SELECT PARTITION_NAME AS PartitionName
FROM INFORMATION_SCHEMA.PARTITIONS
WHERE TABLE_NAME = 'Orders';
Source Query: Uses partition-specific conditions to retrieve data.
SELECT * FROM Orders PARTITION ({PartitionName});
PostgreSQL using Physical Partitions
Partition SQL: Lists partitions for a range-partitioned table.
SELECT inhrelid::regclass AS PartitionTableName
FROM pg_inherits
WHERE inhparent = 'Orders'::regclass;
Source Query: Queries a partition table directly.
SELECT * FROM {PartitionTableName};
DB2 using Physical Partitions
Partition SQL: Retrieves information about partitions in a range-partitioned table.
SELECT PARTITION_NUMBER AS PartitionNumber, LIMITKEY AS HighValue
FROM SYSCAT.DATAPARTITIONS
WHERE TABNAME = 'ORDERS';
Source Query: Uses the partition number in the query condition.
SELECT * FROM Orders WHERE MOD(OrderID, {PartitionNumber}) = 0;
AS400 using Physical Partitions
Partition SQL: Retrieves partition information for a table.
SELECT PARTITION_NUMBER AS PartitionNumber, PARTITION_NAME AS PartitionName
FROM QSYS2.SYSTABLEPARTITIONS
WHERE TABLE_NAME = 'ORDERS';
Source Query: Targets a specific partition using the PartitionNumber.
SELECT * FROM Orders WHERE PartitionColumn = {PartitionNumber};
Informix using Physical Partitions
Partition SQL: Lists the partitions for a fragmented table.
SELECT partnum AS PartitionNumber
FROM sysfragments
WHERE tabname = 'Orders';
Source Query: Uses partition number to filter data.
SELECT * FROM Orders WHERE PARTITION BY (OrderID) = {PartitionNumber};
Examples Using Logical Partitioning
Oracle using Logical Partitioning
Partition SQL: Generates date ranges to partition the data.
SELECT TO_DATE('2022-01-01', 'YYYY-MM-DD') AS start_date, TO_DATE('2022-02-01', 'YYYY-MM-DD') AS end_date FROM DUAL
UNION ALL
SELECT TO_DATE('2022-02-01', 'YYYY-MM-DD'), TO_DATE('2022-03-01', 'YYYY-MM-DD') FROM DUAL
UNION ALL
SELECT TO_DATE('2022-03-01', 'YYYY-MM-DD'), TO_DATE('2022-04-01', 'YYYY-MM-DD') FROM DUAL;
Source Query: Uses the partition parameters to extract data for the specified date range.
SELECT * FROM Orders WHERE OrderDate >= {start_date} AND OrderDate < {end_date};
SQL Server using Logical Partitioning
Partition SQL: Generates partitions by dividing the data based on numeric ranges.
WITH NumberRanges AS (
SELECT 1 AS start_id, 1000 AS end_id
UNION ALL
SELECT 1001, 2000
UNION ALL
SELECT 2001, 3000
)
SELECT start_id, end_id FROM NumberRanges;
Source Query: Extracts data based on the range of IDs for each partition.
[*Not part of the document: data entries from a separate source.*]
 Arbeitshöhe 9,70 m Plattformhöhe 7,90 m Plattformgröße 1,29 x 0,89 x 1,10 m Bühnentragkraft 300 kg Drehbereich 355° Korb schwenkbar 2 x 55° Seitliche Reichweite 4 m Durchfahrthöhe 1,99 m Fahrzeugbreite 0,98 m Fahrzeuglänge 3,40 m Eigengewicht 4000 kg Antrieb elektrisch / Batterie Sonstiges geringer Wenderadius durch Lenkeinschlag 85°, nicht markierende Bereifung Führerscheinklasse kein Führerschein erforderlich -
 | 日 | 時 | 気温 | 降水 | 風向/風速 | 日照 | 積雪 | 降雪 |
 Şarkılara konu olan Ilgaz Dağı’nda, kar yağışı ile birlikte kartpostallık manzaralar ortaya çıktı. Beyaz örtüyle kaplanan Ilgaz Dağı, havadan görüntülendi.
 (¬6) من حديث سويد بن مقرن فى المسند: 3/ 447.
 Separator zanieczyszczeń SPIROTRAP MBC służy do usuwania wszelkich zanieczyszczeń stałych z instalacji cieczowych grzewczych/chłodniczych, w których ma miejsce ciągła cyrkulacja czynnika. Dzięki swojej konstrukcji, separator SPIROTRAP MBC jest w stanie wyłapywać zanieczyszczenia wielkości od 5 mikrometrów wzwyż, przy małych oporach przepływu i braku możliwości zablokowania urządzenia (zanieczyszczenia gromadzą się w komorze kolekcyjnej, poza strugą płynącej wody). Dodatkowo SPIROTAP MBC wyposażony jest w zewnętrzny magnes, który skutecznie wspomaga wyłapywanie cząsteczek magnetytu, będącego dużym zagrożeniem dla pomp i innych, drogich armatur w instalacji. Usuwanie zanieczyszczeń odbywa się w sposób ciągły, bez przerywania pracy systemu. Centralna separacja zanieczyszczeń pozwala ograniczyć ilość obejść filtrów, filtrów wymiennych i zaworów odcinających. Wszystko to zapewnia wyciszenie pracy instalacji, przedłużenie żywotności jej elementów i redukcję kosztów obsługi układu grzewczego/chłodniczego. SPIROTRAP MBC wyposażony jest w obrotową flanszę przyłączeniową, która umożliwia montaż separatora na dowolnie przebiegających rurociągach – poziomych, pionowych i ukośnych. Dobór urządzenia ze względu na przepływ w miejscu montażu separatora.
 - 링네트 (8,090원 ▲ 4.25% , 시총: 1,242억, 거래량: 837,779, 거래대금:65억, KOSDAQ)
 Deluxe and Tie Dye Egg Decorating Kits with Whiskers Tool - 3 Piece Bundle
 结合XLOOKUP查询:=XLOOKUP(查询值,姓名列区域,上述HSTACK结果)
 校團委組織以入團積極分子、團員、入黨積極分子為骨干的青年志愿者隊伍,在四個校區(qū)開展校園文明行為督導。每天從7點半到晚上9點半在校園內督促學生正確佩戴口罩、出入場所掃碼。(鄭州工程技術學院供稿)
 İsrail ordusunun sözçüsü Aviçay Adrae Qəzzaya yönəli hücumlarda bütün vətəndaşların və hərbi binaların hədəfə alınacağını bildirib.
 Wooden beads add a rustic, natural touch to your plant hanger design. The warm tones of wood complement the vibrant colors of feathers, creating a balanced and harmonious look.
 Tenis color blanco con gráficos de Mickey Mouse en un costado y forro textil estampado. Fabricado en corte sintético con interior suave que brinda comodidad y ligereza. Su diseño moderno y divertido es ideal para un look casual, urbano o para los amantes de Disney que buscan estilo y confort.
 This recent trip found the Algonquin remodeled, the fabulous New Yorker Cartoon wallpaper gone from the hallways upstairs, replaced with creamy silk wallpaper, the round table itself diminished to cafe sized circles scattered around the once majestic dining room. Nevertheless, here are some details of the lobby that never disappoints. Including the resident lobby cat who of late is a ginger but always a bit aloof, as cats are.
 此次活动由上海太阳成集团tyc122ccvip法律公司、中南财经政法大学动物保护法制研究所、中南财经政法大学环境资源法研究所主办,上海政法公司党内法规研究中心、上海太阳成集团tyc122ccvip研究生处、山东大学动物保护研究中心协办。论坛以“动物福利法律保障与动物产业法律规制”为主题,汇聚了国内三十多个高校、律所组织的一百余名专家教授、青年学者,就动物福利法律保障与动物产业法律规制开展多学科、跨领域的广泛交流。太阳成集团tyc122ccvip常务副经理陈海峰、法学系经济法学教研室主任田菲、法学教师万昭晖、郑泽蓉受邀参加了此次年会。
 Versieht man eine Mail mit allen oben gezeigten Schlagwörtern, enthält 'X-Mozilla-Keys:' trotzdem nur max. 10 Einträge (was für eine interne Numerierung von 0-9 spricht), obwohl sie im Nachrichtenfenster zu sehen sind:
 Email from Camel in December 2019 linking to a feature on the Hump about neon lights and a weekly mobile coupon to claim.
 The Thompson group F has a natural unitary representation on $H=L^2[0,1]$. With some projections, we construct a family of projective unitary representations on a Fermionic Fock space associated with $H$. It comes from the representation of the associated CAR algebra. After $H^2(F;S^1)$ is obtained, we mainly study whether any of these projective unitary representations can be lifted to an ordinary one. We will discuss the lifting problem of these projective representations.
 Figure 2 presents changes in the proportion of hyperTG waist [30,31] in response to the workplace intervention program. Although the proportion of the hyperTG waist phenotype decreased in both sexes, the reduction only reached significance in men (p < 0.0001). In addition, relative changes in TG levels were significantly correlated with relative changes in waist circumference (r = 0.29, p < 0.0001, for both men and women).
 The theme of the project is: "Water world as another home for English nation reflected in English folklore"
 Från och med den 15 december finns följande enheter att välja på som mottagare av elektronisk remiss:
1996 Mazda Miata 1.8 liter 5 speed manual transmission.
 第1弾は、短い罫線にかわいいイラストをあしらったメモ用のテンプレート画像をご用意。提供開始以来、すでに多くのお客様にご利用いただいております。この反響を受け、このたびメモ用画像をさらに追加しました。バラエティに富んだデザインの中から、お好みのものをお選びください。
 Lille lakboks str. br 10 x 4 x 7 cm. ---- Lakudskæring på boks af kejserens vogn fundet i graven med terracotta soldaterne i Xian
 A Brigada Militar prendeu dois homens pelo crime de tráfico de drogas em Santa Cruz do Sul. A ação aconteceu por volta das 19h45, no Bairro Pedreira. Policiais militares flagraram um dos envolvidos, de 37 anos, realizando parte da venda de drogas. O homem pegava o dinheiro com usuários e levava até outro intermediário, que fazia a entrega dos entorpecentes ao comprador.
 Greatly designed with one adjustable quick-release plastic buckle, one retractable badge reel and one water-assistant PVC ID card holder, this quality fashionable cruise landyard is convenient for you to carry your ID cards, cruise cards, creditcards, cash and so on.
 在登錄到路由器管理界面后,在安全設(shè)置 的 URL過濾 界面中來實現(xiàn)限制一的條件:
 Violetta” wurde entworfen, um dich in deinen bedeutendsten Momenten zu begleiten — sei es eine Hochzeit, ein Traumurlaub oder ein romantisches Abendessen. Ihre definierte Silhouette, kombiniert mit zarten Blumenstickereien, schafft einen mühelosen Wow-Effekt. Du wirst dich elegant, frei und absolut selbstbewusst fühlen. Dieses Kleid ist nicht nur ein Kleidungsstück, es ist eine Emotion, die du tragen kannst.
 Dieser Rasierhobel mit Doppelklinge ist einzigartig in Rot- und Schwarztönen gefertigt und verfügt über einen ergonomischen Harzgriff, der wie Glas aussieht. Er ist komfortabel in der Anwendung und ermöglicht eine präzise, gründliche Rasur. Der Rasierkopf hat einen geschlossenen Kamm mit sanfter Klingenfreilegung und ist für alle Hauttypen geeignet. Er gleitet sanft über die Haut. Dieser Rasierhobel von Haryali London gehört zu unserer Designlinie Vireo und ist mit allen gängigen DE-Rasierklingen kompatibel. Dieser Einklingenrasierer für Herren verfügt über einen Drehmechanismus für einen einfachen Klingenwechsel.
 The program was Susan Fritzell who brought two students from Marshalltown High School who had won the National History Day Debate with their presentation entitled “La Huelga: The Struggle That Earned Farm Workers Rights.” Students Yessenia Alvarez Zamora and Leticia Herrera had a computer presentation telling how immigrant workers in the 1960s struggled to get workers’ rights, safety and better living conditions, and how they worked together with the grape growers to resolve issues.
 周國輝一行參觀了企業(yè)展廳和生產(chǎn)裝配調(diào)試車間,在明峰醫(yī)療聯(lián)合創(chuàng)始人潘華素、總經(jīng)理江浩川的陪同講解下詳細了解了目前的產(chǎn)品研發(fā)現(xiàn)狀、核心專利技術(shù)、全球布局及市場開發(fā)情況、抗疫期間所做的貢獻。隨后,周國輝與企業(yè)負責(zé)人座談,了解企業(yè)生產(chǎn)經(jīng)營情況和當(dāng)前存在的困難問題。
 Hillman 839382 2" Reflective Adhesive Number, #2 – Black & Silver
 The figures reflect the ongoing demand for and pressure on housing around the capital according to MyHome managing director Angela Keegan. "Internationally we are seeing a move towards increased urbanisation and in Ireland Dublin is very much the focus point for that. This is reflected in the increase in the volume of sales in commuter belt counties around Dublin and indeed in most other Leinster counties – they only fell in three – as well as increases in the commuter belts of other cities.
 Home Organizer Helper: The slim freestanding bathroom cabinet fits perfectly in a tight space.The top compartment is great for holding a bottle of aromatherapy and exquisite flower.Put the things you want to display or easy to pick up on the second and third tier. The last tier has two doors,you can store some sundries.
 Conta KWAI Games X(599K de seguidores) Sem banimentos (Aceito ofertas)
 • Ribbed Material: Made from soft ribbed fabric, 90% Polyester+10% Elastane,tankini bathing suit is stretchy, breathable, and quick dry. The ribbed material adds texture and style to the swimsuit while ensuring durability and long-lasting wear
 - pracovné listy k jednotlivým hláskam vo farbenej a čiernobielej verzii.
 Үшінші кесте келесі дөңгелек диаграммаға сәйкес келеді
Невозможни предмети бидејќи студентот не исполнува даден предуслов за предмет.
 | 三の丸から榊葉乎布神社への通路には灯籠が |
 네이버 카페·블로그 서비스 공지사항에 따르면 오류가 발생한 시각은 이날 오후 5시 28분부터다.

SELECT * FROM Orders WHERE OrderID BETWEEN {start_id} AND {end_id};
MySQL using Logical Partitioning
Partition SQL: Generates date ranges to partition the data.
SELECT '2022-01-01' AS start_date, '2022-01-31' AS end_date
UNION ALL
SELECT '2022-02-01', '2022-02-28'
UNION ALL
SELECT '2022-03-01', '2022-03-31';
Source Query: Filters the data for the specified date range.
SELECT * FROM Orders WHERE OrderDate >= '{start_date}' AND OrderDate < '{end_date}';
PostgreSQL using Logical Partitioning
Partition SQL: Uses generate_series to create date ranges.
SELECT generate_series('2022-01-01'::date, '2022-03-01'::date, '1 month') AS start_date,
(generate_series + '1 month'::interval - '1 day'::interval)::date AS end_date;
Source Query: Retrieves data for each partitioned date range.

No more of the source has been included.